The poop pond was in a big field about a mile outside the city gates. There was one big-ass tree that I sat leaning against, checking ammunition and re-slinging my shoulder. Tamara and Elle helped with the shoulder, and I looked around to see if I could figure out where we were. I could see the spires of the castle, but the gates themselves were over a ridge off to the south.

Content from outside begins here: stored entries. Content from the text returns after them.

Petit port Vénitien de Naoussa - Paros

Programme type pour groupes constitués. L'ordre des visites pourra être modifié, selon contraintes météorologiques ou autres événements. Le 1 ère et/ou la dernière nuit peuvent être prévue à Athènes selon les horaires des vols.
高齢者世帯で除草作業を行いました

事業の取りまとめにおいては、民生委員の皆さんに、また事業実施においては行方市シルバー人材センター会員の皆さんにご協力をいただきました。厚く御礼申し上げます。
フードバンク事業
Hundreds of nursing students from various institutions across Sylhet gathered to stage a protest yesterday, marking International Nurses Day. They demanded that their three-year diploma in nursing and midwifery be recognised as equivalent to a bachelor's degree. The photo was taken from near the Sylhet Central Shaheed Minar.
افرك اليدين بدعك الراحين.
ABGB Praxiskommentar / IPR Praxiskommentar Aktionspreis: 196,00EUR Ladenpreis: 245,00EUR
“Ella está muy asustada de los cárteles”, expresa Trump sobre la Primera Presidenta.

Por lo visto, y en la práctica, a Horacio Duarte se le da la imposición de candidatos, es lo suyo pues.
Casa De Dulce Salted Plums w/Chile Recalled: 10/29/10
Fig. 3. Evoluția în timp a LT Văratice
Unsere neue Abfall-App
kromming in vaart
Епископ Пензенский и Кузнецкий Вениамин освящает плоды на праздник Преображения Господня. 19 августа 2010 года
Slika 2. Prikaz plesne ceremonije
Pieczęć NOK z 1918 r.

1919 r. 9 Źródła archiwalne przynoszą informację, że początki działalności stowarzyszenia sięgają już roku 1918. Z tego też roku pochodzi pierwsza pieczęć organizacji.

So we were headed in the right direction to meet up with Puck. All we had to do was walk for two days, avoid running into any search parties sent out by a pissed off Queen Titania, and convince a notoriously mercurial magical fairy prankster to change the terms of our deal in my favor and send at least the girls home, if not me too.
Yeah, it was going to be a long couple of days.
“Any of you girls know how to use a sword?” I asked.
“I took two years of Tae Kwon Do, but we never touched weapons,” Elle replied.
“My parents are in the SCA,” said an athletic-looking girl with short blonde hair.
“What’s that?” I asked. “I went to an SEC school myself, but I’ve never heard of the SCA. Is that a new conference?”
“It’s the Society for Creative Anachronism,” the girl said, in that tone that only teenage girls possess, the one designed to make adults realize exactly how stupid they are without having to actually say “you’re a moron.”
“Is that like a renaissance faire?” I asked.
“On steroids,” the girl said. “And way more historically accurate. I’ve been going to jousts and tourneys since I was four. I learned how to use a sword before I learned to ride a bike.”